I’ve been musing a bit on two different sorts of environmentalism, and I’ve recently come across two good exemplars.
First, in Orion, Curtis White argues that environmentalists are involved in a futile enterprise as long as they fight from within the system — as long as they use technoscientific, rationalist, bureaucratic language to fight problems that technoscientific, rationalist bureaucracies have wrought. We shouldn’t blame big bad corporations. We are the problem. Nothing will change until we change our fundamental worldview.

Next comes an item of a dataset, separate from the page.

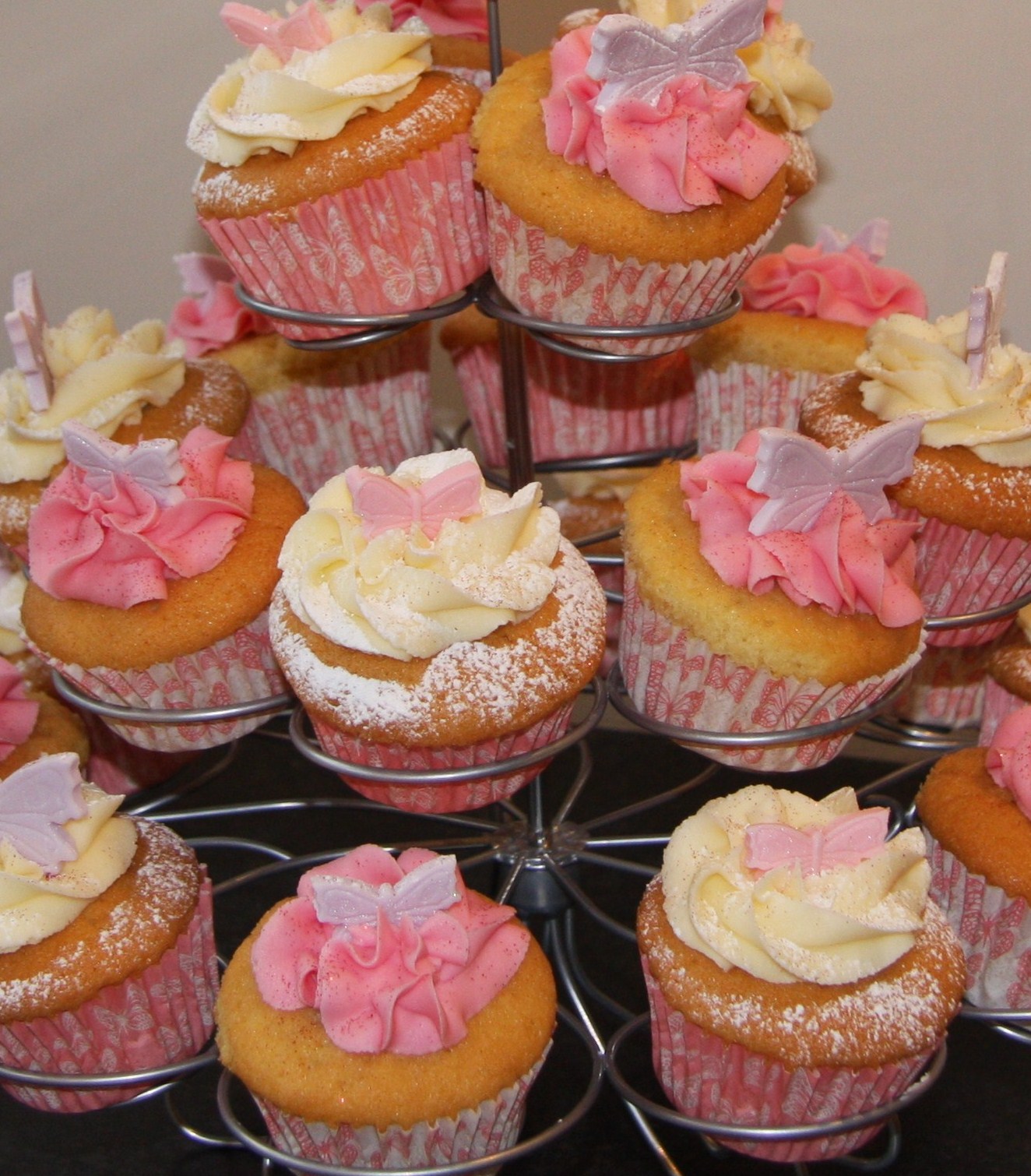 The birthday cake is a two layer vanilla victoria sponge sandwiched with pink buttercream, covered in white sugarpaste. The pretty butterflies came from some previous bartering; another friend wanted to make a cake for her eight year old and asked for a lesson in decorating it. So in exchange for a cup of coffee I helped her out and afterwards she gave me the butterflies she had bought for it. The decorations are cut out from sugarpaste. I cut some more out and let them set hard to use as a topper for the cupcakes and dusted them with silver metallic effect powder. The cupcakes are also made from vanilla victoria sponge with vanilla buttercream. I alternated the cake case colour with the icing colour and sprinkled icing sugar over some of them and red glitter over all of them. What 5 year girl old can have a party without some glitter?

Next, over on Old Man in a Cave (an interesting new blog you should check out), Fergus Brown makes a different point:
The message here is simple: yes, the climate system is at risk of being changed for the worse because of CO2 emissions. No, it isn’t our fault – not us, the end-user, the taxpayer, the car driver or holidaymaker. The risk comes from energy production and industry. The fault lies with the infrastructure which lies at the heart of a developed economy, and with the investment and shareholding system which underlies our commerce and our comfort. It is not an easy thing to change the way in which we work, especially when the values which matter are purely economic and fiscal, and not ethical or social. It is not an easy thing to move the balance of power away from an inequitable hierarchy towards a more genuinely Democratic distribution of wealth, whilst avoiding spiralling inflation, recession or shifts in international power-dynamics. But, if there is any hope of actually preventing CO2 emissions from reaching levels which lead to the worst of the predicted outcomes in the next hundred years, then this is what will have to be done, somehow.
Though Brown cites ethical and social values, fundamentally he’s talking about tweaking the rules of modern capitalist democracies to make them work better and more equitably. And he’s specifically rejecting the notion that average citizens should feel guilty about their unavoidably destructive lives.
So which is it? Are we waiting for a fundamental spiritual awakening, or are we just trying to make our developed societies work better and more cleanly?